Nació a destiempo quizá, y además en un país extranjero, y es probablemente ese doble hecho el que lo convirtió en un hombre extraño en este país en que vale más un chismorreo que una historia.
Su trabajo como economista y como profesor, además de su pensamiento como político, valen más que los volúmenes de chismes que han corrido sobre él y, también, sobre su famosa pareja.
Pero sobresale lo banal; este país ha decidido que ese sumidero en que se pudren las buenas mentes es más destacable que las buenas gentes.

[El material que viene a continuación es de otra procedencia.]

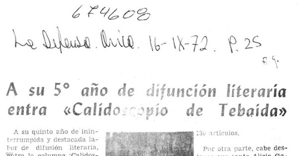La Defensa. Arica : [Editor no identificado], 1950?-1957. 6 volúmenes (16 septiembre 1972), página 25
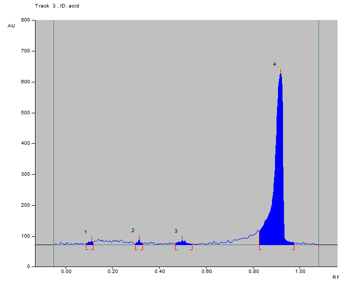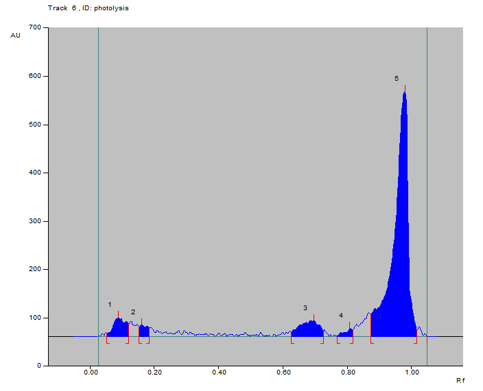 The 40 mg of metformin and 1 mg of alogliptin was transferred into a clean and dry Petridis. The Petridis was placed in direct sunlight for 5 d. In this study, the drug substance was exposed to direct sunlight for 5 d to determine the effect of irradiation on the stability of the drugs in solid-state. Afterward, the drug was transferred into a 10 ml volumetric flask and make up the volume with the mobile phase.1 ml of the above solution was transferred into a 10 ml volumetric flask and diluted with 10 ml using the mobile phase. The resultant solution was applied to the TLC plate in triplicate [17].
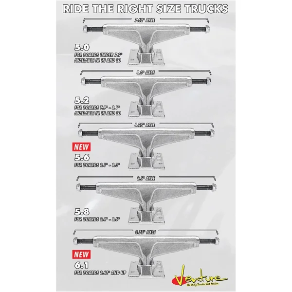 Lightweight, durable, smooth grinds and turns the way you want it to. The Venture OG Polished High Trucks are a top quality truck that is manufactured with a forged baseplate with reinforced steel kingpins and axels with top quality bushings to give you the best turn radius you can get. Designed with Venture detailing on the baseplate.
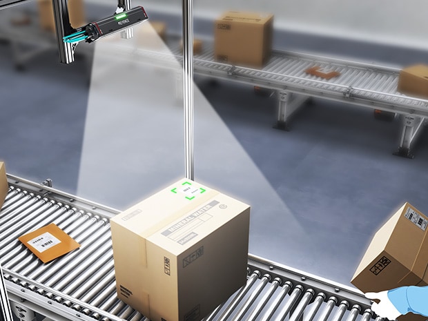 物流倉庫や製造ラインのコンベア上で、段ボール箱の上面にあるバーコードやQRコードの読み取りに課題はありませんか?高速で流れるワークや、箱の置き方がバラバラな場合、読み取りエラーは生産性低下の大きな原因となります。
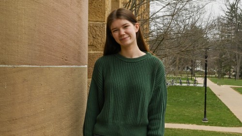 Kate Faxon '26 is an English major with a minor in music from Cleveland Heights, Ohio. She has studied voice with Jennifer Marcellana and Rhonda Rom. Additionally, Kate sings in the Kenyon College Chamber Singers and music directs The Broken Legs and Colla Voce. She has also performed with the Kenyon College Dance, Drama & Cinema Club and the Opera and Music Theater workshop.
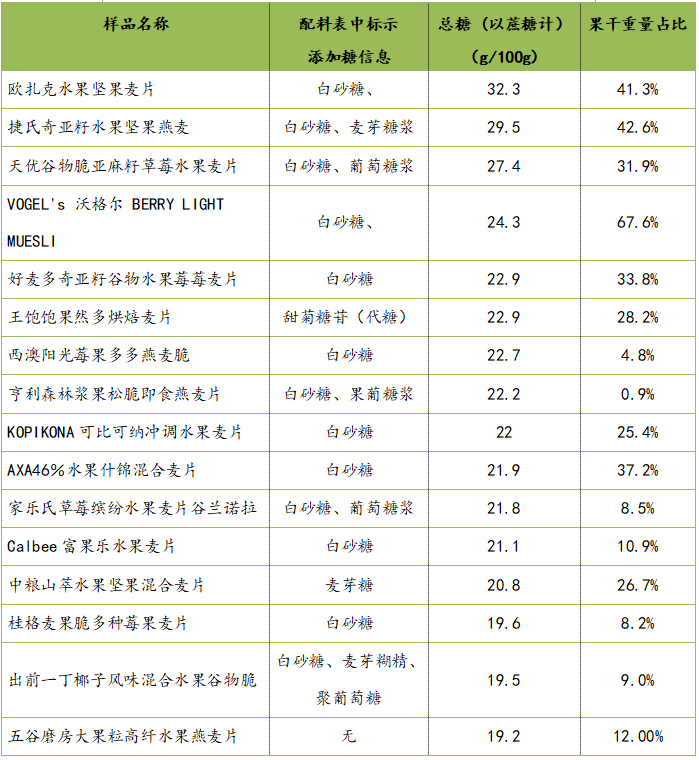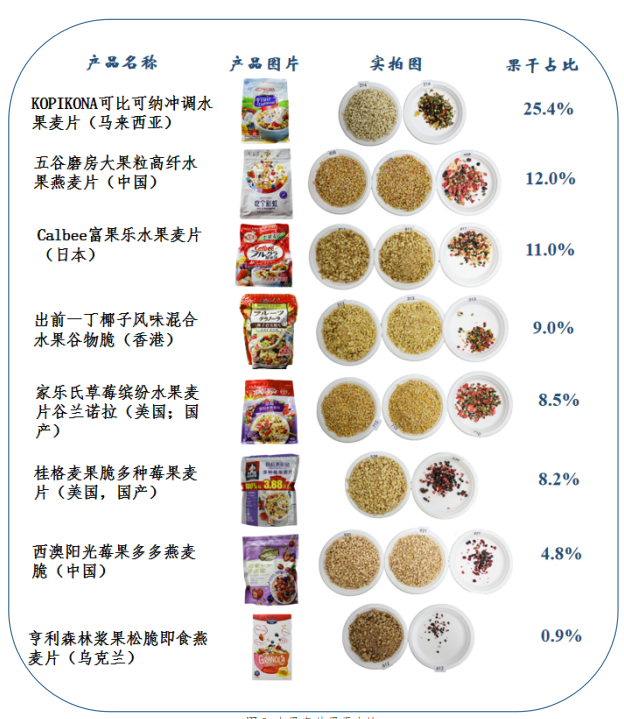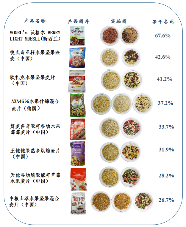 4. 本次比较试验的果干占比为可分离果干的占比,部分品牌麦片和果干黏连在一起,无法分开;
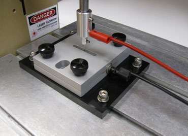 在前板的切口針使其與(yu) 試樣接觸。在壓力和磨料作用的控製條件下,針在芯軸的中心線頂點上來回針式的移動。當突破發生時,測試自動停止。
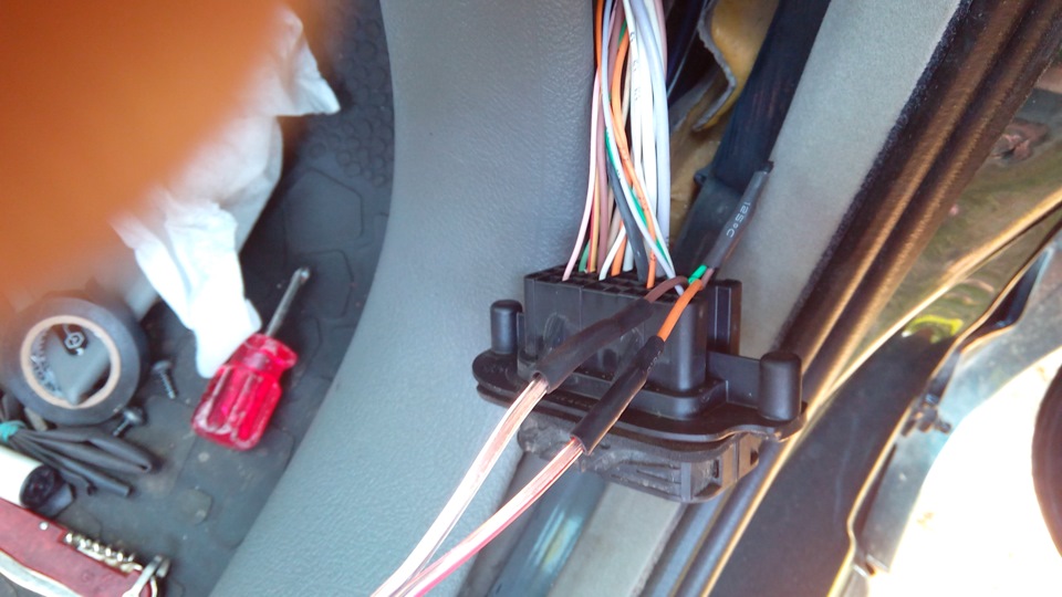 Провод на передние динамики от магнитолы идет один (на каждый динамик — пара), а в разъеме ответвляется на твитеры
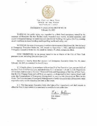 Emergency Executive Order no. 44 extends Emergency Executive Order No. 40, dated February 18, 2022, by 5 days. It is related to the City's response to Hurricane Ida.
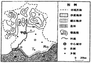 小题1:从等高线看,该区域北部地势起伏较大,可建设生态观光农业,为城市居民提供休闲场所;西南部沿海有盐田,可为化学工业提供原料,且该地区位于冬、夏季风的垂直方向,可建设工业基地,发展海洋化学工业;丙地为沙质海岸,沿海沙滩水浅,不利于建设大型货运港口;海水淡化成本较高,而农业耗水量又大,不适宜采用海水淡化来解决农业用水紧张状况,选D。
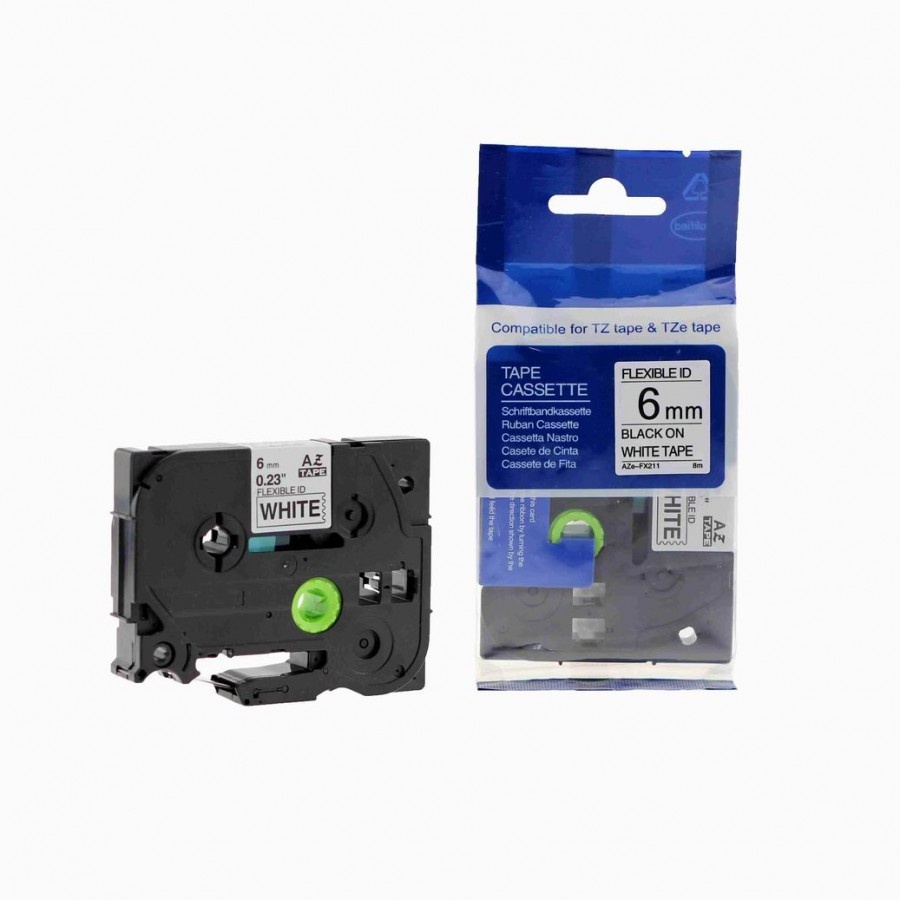 (Registrace)Brother - kompatibilní TZe-FX211, 6mm x 8m, flexibilní, černý tisk / bílý podklad

Era inevitable, en la atmósfera sabia de aquella biblioteca, recordar los recuentos que hacía gente como Juan García Hortelano de sus encuentros con Boyer, cuando el entonces aún ministro comenzaba a encontrarse en público con la que sería su mujer
. De aquellas tenidas, que eran conversaciones literarias y políticas, y seguramente mundanas también, los que acompañaban a Boyer destacaban la lucidez del hombre, su sentido del humor, su gallardía y su socarronería, su duda metódica que disfrazaba, y disfrazó hasta el final, de seguridad en sí mismo, quizá para ahuyentar a los pesados que no dudan de nada.
De aquellas reuniones salían todos pensando que quizá el chismorreo se había ido de madre, pues aquella era una pareja normal que, en el ámbito de lo que era absolutamente privado, se había encontrado sin que hubiera que hacer sonar otras campanas que las que ellos dispusieran.

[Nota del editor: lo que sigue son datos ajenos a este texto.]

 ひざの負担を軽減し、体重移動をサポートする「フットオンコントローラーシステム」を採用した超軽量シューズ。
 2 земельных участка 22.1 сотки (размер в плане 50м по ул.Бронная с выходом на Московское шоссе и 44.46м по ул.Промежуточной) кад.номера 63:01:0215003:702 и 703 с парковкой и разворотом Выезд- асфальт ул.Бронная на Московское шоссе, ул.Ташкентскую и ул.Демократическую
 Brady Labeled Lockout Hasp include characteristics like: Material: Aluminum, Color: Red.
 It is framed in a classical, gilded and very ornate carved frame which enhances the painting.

Pero ya ven el vendaval que luego hubo; hubo otro vendaval, el de Ruiz-Mateos.
Ahora los medios han puesto y repuesto aquellas escenas cantinflescas del hombre de Rumasa tratando de agredir al ministro.
Esto no fue sino una anécdota, un lugar común en una historia de la que sobresalió la inteligencia de Boyer
. Pero para narrar la inteligencia los medios tenemos menos sitio que para contar, como diría Álvaro Pombo, la falta de sustancia.